▸ **Your objective**: Scan the entries for lines with the word "Saint" and copy those lines.

Data records
****************

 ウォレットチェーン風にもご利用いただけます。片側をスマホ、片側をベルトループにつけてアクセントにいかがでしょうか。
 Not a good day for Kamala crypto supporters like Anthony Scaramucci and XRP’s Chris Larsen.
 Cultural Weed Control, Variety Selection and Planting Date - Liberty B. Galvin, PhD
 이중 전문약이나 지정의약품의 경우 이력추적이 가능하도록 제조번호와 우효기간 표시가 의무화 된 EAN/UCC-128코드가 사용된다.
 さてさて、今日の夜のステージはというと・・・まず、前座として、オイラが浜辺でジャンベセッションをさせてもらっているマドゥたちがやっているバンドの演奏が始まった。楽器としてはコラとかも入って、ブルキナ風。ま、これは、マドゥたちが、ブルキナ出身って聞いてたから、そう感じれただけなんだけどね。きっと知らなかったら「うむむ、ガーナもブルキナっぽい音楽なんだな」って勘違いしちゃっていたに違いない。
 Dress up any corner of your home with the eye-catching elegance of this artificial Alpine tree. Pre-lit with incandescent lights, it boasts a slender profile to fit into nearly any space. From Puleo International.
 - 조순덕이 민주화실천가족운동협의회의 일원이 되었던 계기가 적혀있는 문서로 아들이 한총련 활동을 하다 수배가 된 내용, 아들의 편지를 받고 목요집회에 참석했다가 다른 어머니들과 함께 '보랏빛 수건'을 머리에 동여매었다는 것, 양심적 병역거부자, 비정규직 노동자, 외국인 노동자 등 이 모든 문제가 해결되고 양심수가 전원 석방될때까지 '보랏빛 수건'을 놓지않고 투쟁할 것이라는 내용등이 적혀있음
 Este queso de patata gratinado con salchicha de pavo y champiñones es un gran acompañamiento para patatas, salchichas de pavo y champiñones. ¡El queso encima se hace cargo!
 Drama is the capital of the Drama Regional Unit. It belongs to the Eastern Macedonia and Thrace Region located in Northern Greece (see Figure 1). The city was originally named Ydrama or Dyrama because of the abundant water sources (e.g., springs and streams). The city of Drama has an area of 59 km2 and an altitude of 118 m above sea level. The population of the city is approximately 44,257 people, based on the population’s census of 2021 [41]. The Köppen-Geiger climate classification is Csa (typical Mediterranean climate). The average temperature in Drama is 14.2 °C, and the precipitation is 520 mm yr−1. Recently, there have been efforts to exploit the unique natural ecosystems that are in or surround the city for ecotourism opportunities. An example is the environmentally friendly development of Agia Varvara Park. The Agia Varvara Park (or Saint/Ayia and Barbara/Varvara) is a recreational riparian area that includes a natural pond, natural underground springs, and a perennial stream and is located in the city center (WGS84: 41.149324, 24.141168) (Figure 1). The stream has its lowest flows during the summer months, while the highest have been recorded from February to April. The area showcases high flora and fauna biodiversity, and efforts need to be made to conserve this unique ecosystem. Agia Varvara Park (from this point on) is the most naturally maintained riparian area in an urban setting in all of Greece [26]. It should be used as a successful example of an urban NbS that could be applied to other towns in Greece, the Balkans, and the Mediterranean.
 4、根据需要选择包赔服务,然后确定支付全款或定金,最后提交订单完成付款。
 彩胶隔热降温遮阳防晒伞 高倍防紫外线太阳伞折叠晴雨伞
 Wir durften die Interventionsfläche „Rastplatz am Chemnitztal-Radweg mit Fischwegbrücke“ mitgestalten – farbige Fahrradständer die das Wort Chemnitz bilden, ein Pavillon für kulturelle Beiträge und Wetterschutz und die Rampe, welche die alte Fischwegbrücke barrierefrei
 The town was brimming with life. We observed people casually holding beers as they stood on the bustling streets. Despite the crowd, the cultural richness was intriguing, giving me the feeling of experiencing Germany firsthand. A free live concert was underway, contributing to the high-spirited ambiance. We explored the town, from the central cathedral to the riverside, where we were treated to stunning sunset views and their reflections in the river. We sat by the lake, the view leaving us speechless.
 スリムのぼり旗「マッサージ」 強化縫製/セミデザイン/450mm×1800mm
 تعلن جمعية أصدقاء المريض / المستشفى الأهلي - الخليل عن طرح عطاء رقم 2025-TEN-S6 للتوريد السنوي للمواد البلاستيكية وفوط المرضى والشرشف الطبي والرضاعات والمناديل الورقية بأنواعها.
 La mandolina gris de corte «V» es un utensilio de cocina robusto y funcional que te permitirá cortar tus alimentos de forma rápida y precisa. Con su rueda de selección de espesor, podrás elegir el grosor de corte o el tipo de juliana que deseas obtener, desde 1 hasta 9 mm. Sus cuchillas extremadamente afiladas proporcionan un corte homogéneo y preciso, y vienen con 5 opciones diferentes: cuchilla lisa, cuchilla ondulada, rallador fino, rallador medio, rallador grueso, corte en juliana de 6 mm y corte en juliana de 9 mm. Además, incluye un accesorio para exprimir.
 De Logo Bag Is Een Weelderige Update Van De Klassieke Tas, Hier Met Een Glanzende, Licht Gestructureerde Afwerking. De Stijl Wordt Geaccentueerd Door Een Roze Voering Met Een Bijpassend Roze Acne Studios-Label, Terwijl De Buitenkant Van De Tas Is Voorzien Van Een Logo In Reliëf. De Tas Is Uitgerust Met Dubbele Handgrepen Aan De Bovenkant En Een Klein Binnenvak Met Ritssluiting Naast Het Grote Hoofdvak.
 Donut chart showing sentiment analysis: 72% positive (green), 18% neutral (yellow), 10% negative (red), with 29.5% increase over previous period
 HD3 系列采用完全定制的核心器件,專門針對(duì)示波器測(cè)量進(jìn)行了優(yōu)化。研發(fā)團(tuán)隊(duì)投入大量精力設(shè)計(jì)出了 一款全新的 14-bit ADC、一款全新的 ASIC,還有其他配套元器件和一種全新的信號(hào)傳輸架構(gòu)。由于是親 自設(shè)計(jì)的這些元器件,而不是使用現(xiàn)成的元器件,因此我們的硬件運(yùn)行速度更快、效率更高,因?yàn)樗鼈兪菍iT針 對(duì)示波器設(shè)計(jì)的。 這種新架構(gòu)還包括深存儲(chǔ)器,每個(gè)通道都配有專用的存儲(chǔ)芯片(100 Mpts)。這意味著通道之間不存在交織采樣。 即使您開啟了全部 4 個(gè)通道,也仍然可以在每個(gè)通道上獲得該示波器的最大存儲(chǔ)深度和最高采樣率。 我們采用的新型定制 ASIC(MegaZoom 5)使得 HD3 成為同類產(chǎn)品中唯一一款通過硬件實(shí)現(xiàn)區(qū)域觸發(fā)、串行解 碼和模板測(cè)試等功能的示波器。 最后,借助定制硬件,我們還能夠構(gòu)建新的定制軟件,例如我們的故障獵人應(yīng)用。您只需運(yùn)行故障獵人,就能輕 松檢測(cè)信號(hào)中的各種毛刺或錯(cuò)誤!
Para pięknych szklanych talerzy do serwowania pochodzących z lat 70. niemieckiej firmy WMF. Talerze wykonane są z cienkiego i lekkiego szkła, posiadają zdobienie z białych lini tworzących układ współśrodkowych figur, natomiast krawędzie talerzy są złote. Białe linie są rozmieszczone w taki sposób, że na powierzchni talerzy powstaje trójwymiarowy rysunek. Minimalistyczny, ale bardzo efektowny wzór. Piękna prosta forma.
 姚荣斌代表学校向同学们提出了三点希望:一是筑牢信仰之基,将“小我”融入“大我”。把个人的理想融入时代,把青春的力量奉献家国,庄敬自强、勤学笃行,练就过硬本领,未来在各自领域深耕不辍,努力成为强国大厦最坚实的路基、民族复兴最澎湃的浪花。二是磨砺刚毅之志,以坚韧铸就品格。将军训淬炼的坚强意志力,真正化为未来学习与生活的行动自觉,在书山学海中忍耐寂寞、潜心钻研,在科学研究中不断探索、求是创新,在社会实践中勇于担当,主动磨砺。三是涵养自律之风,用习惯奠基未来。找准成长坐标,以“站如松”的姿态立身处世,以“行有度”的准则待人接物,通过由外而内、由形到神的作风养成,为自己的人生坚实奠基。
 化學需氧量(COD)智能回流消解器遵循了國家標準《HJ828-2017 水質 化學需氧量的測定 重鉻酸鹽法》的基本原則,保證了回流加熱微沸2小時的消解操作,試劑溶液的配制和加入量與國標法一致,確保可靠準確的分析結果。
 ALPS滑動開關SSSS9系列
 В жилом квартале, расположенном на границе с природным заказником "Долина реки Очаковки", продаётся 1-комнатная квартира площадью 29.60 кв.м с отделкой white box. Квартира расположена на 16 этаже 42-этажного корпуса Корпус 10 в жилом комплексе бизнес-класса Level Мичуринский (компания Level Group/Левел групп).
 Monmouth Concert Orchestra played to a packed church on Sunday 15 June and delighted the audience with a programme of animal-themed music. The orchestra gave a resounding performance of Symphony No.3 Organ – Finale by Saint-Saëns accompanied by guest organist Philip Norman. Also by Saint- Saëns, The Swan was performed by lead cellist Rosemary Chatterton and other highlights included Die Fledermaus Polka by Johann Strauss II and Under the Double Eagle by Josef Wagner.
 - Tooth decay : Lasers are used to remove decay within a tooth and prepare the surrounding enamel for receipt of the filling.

****************

▸ **Problem solution**:
 Drama is the capital of the Drama Regional Unit. It belongs to the Eastern Macedonia and Thrace Region located in Northern Greece (see Figure 1). The city was originally named Ydrama or Dyrama because of the abundant water sources (e.g., springs and streams). The city of Drama has an area of 59 km2 and an altitude of 118 m above sea level. The population of the city is approximately 44,257 people, based on the population’s census of 2021 [41]. The Köppen-Geiger climate classification is Csa (typical Mediterranean climate). The average temperature in Drama is 14.2 °C, and the precipitation is 520 mm yr−1. Recently, there have been efforts to exploit the unique natural ecosystems that are in or surround the city for ecotourism opportunities. An example is the environmentally friendly development of Agia Varvara Park. The Agia Varvara Park (or Saint/Ayia and Barbara/Varvara) is a recreational riparian area that includes a natural pond, natural underground springs, and a perennial stream and is located in the city center (WGS84: 41.149324, 24.141168) (Figure 1). The stream has its lowest flows during the summer months, while the highest have been recorded from February to April. The area showcases high flora and fauna biodiversity, and efforts need to be made to conserve this unique ecosystem. Agia Varvara Park (from this point on) is the most naturally maintained riparian area in an urban setting in all of Greece [26]. It should be used as a successful example of an urban NbS that could be applied to other towns in Greece, the Balkans, and the Mediterranean.
 Monmouth Concert Orchestra played to a packed church on Sunday 15 June and delighted the audience with a programme of animal-themed music. The orchestra gave a resounding performance of Symphony No.3 Organ – Finale by Saint-Saëns accompanied by guest organist Philip Norman. Also by Saint- Saëns, The Swan was performed by lead cellist Rosemary Chatterton and other highlights included Die Fledermaus Polka by Johann Strauss II and Under the Double Eagle by Josef Wagner.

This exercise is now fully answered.